Queer, the latest film from director Luca Guadagnino and his Challengers writer Justin Kuritzkes, is a disappointing film.
The film is based on a short novel of the same name by Beat writer William S. Burroughs (though it also seems to borrow heavily from some of his letters and events in his own life).
William Lee (Daniel Craig), which used to be Burroughs’ pen name, is a sleazy junkie who spends his days looking for lovers and getting drunk in post-war Mexico City. When he catches sight of an attractive young man, Gene Allerton (Drew Starkey), on the street one night, he is completely smitten.
Lee believes himself to be gay (despite Burroughs’ own vehement denials of such), and, wondering if Gene is like him, he tries to seduce him.
The two dance a dance of desire and repulsion for nearly three hours as Lee struggles with drug addiction and heroin addiction, and eventually brings Jean along on a wild goose chase through South America in search of yagé, more commonly known as ayahuasca.
Lee is entranced by the drug’s psychedelic properties and its alleged ability to make users telepathic. Overwhelmed by his hopeless desire for Jean, he seeks to use the drug to express the feelings he is unable to speak out loud.
Craig swaps out his chicken-fried Benoit Blanc accent for a more civilized Southern accent, giving Lee a meek, awkward, insecure demeanor. It’s a real departure from his many cold roles on stage as Macbeth, in films like Road to Perdition, and, of course, as James Bond.
Starkey is a lovable counterpoint to Craig’s dusky and drunken look. He’s full of youthful vigour and an interesting restraint (even if the glasses he wears make him a near-perfect copy of Milo in Disney’s Atlantis: The Lost Empire). Though he sleeps with Lee, it’s never clear whether Gene is gay as well. He doesn’t give a conclusive answer (probably because he’s not ready to face it himself), and Starkey displays a wonderful restraint.
Jason Schwartzman is also worth noting for his comic relief as fellow ex-pat Joe, who brings this eccentric outcast to lovely life. The running joke about his lovers stealing his things is one of the funniest aspects of the film.
Guadagnino loves to create evocative and lyrical images as a director, and there’s certainly no shortage of stunning backdrops and images of nightlife outside the windows of bars and hotel rooms. Each shot here is carefully composed, more like a painting than a frame of film, but it’s all pretty without any soul. The images are hollow, just pretty pictures and nothing more.
His most interesting shots are reminiscent of the surrealist movement of the 1920s, resembling scenes from the paintings of Man Ray and the films of Luis Buñuel. A nude woman with no legs floats in space, disembodied.
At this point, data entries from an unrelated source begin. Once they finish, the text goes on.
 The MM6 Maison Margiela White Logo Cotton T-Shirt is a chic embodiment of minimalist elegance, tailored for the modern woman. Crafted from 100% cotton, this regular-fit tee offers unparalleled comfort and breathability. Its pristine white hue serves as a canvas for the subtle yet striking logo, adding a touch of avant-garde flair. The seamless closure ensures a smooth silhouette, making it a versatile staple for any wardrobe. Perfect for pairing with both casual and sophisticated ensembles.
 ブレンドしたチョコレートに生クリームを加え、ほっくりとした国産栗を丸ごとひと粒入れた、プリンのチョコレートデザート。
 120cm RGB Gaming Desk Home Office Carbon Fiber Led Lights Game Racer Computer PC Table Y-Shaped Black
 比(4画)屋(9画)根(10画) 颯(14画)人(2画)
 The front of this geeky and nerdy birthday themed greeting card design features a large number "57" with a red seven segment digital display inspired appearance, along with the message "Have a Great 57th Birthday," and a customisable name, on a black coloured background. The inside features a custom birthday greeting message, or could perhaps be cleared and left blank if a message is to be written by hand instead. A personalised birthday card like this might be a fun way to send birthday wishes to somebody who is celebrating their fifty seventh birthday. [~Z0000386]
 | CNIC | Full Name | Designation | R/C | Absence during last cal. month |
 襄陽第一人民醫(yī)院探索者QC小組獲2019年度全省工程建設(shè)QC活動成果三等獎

One scene later, Lee sees clay fragments of her legs on the street. Guadagnino leans toward the spiritual here, which echoes themes in Burroughs’ work. Though visually striking, it’s never clear what the purpose of these scenes is. The whole project seems more a realization of Guadagnino’s artistic pretensions than anything else.
If you know Burroughs’ work and life, there are a few Easter eggs here (most notably in the reconstruction of the “William Tell” act that led to the murder of the author’s first wife). But who is Lee, other than a junkie and a man consumed by desire? When it comes to Jean, he is helpless, even if he is also manipulative and cruel. But to what end?
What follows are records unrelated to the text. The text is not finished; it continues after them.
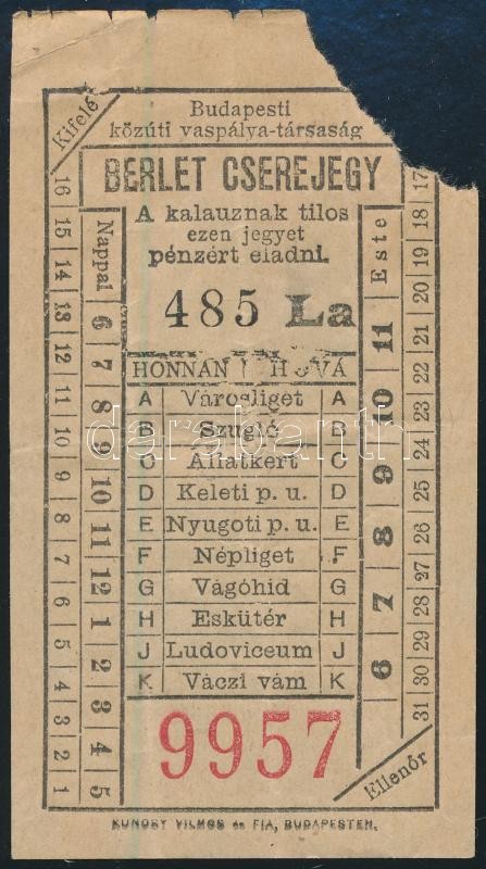 Budapesti Közúti Vaspálya Társaság menetjegy
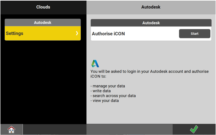 In the background, the iCON software receives an authentication token which is given to the Autodesk server to get a refresh token. The refresh token is saved in the Projects folder in iCON. - The Start button changes to Logout.
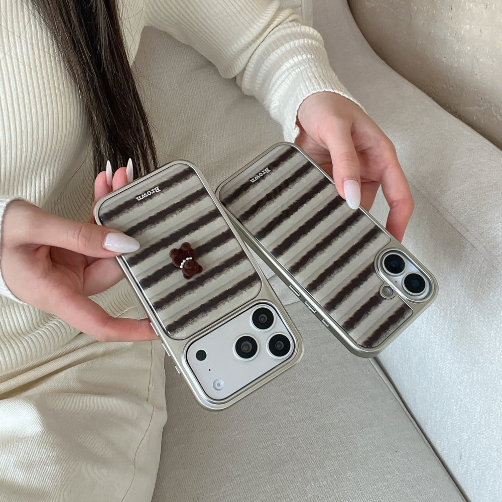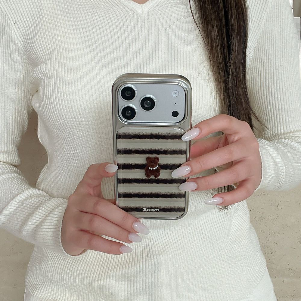 Striped 3D Pearl Bear Phone Case with Silver Edge
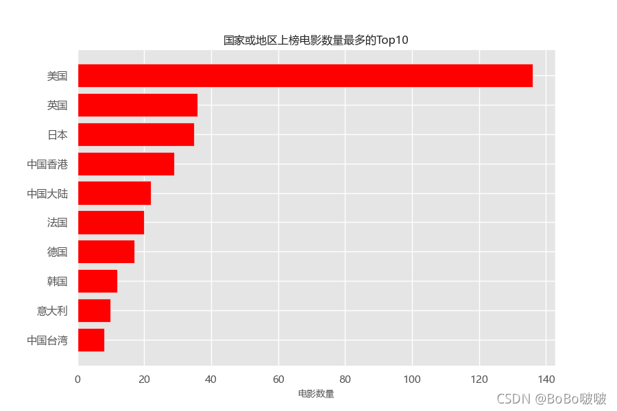 # 取國家或地區(qū)上榜電影數(shù)量最多的前十
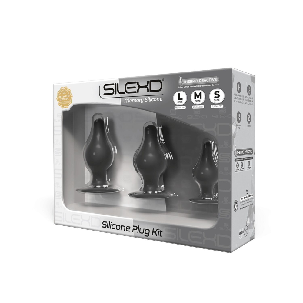 Характеристики Набор анальных двухслойных пробок разного размера черного цвета Silexd Plug Kit 3 штуки Avokado
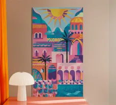 Una ventata di aria fresca attraversa Stoccolma con questo poster dai vivaci colori pop. La torre del municipio, le barche a vela, le isole e persino una tipica bicicletta sono tutti stilizzati in un cocktail di rosa, blu e giallo che celebra lo spirito creativo e naturale della capitale svedese. Una città d'acqua, di architettura e di dolcezza scandinava.
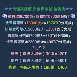 (合買)道具700格+寵物700格=695T(需要時間作業)
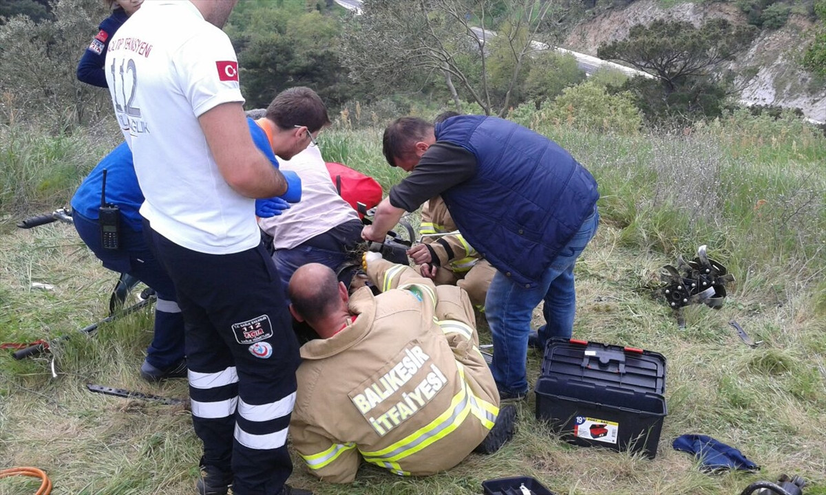 Bunun üzerine ambulansa çapa makinesiyle birlikte bindirilen Muzaffer Aksoy, Balıkesir Devlet Hastanesine kaldırıldı.

For all of Lee’s greed and his addiction (not just to drugs, but to sex and desire), there is no compelling commentary on identity and sexuality.
Instead, queerness is esoteric, often seeming to be deliberately so. Guadagnino seems to want to dishearten his audience so that they can endure the endless discomfort shared by the characters. The whole film smacks of self-importance and the need to remind us that those behind the camera are smarter than anyone in the audience.